I think the IAB’s search marketing guidelines may be a step in the right direction – if you have to get a few training courses/qualifications then so be it – SEMPO as well, even if the technical side of it isnt that hard for seasoned SEO’s it’d help regulate the industry.

Sounds like this would have been a very interesting discussion to sit in on. The question and concern that does seem to be on every SEO’s mind.

As this panel touched on, even this topic can head different directions, part personal reputation management, part education and expectation management.

Unfortunately, on the rep management, I’m not sure there is much anyone can do, other than follow the same best practices that we would instruct our clients to do for reputation management in the ever-evolving web space.

This does seem to be a growing and popular topic as I’ve seen more and more of it lately and just wrote part one of an article for a local business mag myself.
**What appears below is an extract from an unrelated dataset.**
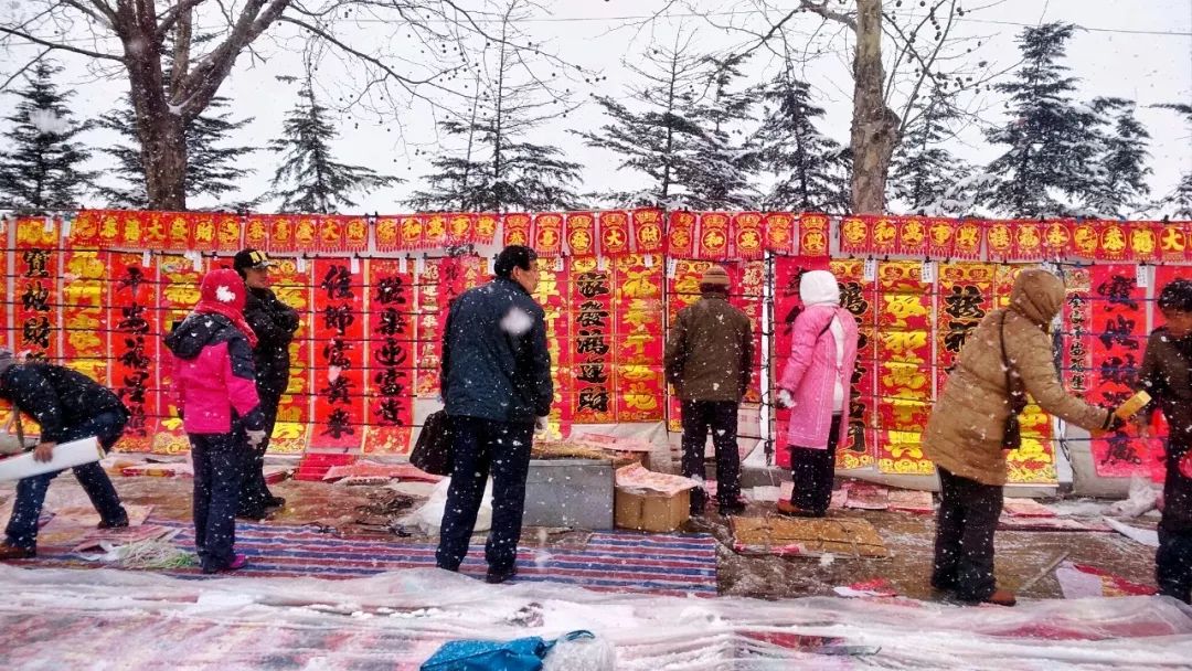 2018年1月16日。山东烟台。人们在雪中购买春联。总想为你唱支歌 摄

I think this will just become part of everyone’s ongoing operations, personally and professionally. And in some cases, there are just others out there who will always choose to pursue reputation slandering as their means of marketing.

On the other note though, setting expectations and even the education of clients is something that I think, as an industry, we must continue to drive forward. The reality is, much of this is still extremely new to the vast majority of people, so if we don’t help to bring them along, it will just take even longer before we start to see changes.

In the meantime, there are plenty who will prey on their lack of knowledge and understanding. Personally, helping to educate clients has been a great sales tool… they want to make a smart decision, we all do–usually–so taking the time to show them that you know what you are talking about and to help them understand, it sets you apart from everyone else.

And given a little straight forward education, instructing them why no one in the industry would guarantee a number 1 listing in the SERPs because it simply isn’t within their control… a lot of clients are intelligent enough to “get that,” which also helps them to cross off much of your competition as soon as they make those guarantees to the client.

The easy(er) way to get around this is with qualifications, but then the problem arises is who sorts out the qualifications? can they keep up with the pace?